### [Required work]
Keep only the lines from the start of the data through the line containing "El Lily's Kitchen", and output them exactly.

### [Source records]
++++++++

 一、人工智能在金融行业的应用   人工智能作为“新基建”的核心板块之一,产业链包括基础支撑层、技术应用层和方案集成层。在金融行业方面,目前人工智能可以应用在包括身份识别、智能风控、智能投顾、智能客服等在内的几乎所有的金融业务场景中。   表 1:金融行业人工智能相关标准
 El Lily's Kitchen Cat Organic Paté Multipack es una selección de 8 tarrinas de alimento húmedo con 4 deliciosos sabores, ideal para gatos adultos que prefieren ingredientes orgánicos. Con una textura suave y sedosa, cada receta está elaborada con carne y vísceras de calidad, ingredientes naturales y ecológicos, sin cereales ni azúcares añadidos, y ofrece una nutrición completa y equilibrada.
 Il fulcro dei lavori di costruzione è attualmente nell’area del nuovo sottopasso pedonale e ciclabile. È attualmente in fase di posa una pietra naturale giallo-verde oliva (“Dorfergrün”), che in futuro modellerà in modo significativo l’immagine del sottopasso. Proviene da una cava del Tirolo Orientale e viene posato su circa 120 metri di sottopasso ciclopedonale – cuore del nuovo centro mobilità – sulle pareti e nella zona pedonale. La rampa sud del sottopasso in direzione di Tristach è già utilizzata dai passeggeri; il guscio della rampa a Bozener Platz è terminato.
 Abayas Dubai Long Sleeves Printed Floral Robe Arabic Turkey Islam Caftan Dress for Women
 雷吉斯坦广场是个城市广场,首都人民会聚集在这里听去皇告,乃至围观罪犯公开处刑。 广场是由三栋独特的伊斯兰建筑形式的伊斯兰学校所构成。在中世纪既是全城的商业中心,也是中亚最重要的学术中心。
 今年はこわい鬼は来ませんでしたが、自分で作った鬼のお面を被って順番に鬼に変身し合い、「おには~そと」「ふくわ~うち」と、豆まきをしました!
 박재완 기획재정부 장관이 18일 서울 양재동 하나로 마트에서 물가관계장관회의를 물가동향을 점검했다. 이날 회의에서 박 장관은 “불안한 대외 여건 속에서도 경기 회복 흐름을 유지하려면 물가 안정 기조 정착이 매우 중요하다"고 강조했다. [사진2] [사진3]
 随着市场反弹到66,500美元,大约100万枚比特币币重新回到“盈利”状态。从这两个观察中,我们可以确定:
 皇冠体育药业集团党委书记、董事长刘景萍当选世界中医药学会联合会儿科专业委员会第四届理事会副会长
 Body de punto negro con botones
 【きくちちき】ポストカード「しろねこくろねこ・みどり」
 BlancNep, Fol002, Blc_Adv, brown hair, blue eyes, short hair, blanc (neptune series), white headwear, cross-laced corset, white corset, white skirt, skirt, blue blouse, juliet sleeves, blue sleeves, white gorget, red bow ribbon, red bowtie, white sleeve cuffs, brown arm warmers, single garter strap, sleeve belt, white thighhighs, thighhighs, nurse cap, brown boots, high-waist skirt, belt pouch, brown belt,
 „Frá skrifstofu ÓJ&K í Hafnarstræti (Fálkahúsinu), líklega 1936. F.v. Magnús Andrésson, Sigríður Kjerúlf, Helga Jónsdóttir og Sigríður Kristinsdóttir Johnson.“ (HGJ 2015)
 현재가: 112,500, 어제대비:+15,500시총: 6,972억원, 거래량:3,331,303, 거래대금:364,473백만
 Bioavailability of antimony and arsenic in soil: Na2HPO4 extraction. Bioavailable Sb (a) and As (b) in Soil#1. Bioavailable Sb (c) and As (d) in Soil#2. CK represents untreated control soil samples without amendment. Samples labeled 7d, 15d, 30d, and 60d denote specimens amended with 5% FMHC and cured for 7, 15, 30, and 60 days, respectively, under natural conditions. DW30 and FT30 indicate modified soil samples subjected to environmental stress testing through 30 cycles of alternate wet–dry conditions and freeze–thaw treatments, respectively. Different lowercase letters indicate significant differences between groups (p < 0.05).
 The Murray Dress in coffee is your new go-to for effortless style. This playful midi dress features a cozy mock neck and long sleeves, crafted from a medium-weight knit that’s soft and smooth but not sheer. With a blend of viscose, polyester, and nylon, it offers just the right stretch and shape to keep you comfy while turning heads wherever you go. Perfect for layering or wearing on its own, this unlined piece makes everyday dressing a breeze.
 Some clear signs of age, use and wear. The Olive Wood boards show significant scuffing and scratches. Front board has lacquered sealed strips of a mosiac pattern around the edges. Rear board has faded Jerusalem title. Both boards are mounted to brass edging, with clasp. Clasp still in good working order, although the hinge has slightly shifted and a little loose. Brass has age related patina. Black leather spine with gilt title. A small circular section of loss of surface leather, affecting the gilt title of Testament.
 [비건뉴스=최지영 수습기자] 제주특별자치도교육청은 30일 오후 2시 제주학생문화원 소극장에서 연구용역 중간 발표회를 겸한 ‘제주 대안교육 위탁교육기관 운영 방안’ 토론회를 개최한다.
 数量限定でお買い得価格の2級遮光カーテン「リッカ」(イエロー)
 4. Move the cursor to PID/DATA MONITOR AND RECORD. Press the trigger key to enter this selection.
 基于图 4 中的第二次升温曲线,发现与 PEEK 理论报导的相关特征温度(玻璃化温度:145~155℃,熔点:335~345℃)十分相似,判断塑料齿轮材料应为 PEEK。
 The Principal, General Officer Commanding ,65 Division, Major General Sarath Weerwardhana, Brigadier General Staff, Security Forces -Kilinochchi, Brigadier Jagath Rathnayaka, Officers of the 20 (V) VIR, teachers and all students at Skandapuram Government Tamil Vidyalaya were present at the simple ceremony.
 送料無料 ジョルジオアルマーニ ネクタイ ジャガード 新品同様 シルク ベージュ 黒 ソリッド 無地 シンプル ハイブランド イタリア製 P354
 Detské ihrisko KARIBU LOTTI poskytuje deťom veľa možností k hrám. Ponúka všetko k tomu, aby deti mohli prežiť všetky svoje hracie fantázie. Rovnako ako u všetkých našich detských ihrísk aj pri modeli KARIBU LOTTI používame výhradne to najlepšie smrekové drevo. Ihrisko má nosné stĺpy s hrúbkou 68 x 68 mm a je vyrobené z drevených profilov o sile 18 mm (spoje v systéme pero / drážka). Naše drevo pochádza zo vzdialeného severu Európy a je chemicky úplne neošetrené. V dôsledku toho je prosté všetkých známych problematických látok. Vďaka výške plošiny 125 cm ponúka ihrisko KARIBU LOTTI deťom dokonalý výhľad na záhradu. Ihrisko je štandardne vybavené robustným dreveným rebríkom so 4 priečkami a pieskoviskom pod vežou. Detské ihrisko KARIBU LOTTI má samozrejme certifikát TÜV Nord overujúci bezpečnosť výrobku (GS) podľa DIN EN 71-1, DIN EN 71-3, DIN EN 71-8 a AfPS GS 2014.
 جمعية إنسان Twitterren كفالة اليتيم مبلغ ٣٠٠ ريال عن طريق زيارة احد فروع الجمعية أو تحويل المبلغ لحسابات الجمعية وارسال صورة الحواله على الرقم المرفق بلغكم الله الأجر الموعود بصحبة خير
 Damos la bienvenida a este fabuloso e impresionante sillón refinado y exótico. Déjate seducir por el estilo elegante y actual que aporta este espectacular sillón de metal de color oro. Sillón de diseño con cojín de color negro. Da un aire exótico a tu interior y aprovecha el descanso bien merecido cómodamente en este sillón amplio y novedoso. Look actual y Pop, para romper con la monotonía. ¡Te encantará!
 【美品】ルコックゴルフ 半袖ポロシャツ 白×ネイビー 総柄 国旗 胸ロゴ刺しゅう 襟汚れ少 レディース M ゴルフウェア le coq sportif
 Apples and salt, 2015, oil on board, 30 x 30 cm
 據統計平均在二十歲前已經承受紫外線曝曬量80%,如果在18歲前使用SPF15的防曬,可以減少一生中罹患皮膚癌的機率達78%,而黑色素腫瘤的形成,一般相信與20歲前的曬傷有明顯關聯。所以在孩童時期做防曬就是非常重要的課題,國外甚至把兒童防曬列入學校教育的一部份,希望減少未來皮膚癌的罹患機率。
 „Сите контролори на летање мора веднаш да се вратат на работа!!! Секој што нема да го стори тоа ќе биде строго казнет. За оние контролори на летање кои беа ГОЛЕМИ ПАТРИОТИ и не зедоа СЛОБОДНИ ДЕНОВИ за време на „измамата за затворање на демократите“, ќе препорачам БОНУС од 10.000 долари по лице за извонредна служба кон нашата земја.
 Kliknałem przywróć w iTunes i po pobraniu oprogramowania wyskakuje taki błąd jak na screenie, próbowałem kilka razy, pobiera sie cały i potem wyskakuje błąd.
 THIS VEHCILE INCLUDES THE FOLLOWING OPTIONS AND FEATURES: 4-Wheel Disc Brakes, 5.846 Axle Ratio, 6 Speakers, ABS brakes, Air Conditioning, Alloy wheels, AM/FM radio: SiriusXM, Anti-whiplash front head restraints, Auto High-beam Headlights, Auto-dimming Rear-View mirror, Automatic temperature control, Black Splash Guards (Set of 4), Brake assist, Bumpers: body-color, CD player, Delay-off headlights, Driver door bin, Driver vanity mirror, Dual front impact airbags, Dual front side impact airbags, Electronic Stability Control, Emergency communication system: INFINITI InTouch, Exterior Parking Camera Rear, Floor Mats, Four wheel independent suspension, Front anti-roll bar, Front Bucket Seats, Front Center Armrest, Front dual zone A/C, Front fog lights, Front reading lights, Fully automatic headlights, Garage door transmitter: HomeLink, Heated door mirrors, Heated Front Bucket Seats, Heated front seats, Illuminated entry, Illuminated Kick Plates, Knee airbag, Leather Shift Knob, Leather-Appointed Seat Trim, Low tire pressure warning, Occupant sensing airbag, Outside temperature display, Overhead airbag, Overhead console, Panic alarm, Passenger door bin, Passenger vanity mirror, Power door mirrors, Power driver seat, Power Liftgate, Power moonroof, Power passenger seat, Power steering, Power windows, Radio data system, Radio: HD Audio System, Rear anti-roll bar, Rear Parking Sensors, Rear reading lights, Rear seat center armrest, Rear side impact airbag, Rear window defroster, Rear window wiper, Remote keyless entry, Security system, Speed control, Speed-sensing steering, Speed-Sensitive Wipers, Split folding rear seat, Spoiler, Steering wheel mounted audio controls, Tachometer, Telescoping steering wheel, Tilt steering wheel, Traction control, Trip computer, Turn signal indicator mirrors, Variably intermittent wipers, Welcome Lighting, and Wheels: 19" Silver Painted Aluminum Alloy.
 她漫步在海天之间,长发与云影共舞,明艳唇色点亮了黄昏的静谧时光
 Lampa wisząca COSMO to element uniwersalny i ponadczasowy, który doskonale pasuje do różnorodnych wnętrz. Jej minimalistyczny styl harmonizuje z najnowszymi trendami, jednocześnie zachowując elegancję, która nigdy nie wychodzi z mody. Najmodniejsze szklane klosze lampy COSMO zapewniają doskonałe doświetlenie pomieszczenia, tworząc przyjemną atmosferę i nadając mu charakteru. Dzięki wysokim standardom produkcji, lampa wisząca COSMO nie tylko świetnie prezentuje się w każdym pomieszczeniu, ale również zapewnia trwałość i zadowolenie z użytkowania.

++++++++

### [Finished task]
 一、人工智能在金融行业的应用   人工智能作为“新基建”的核心板块之一,产业链包括基础支撑层、技术应用层和方案集成层。在金融行业方面,目前人工智能可以应用在包括身份识别、智能风控、智能投顾、智能客服等在内的几乎所有的金融业务场景中。   表 1:金融行业人工智能相关标准
 El Lily's Kitchen Cat Organic Paté Multipack es una selección de 8 tarrinas de alimento húmedo con 4 deliciosos sabores, ideal para gatos adultos que prefieren ingredientes orgánicos. Con una textura suave y sedosa, cada receta está elaborada con carne y vísceras de calidad, ingredientes naturales y ecológicos, sin cereales ni azúcares añadidos, y ofrece una nutrición completa y equilibrada.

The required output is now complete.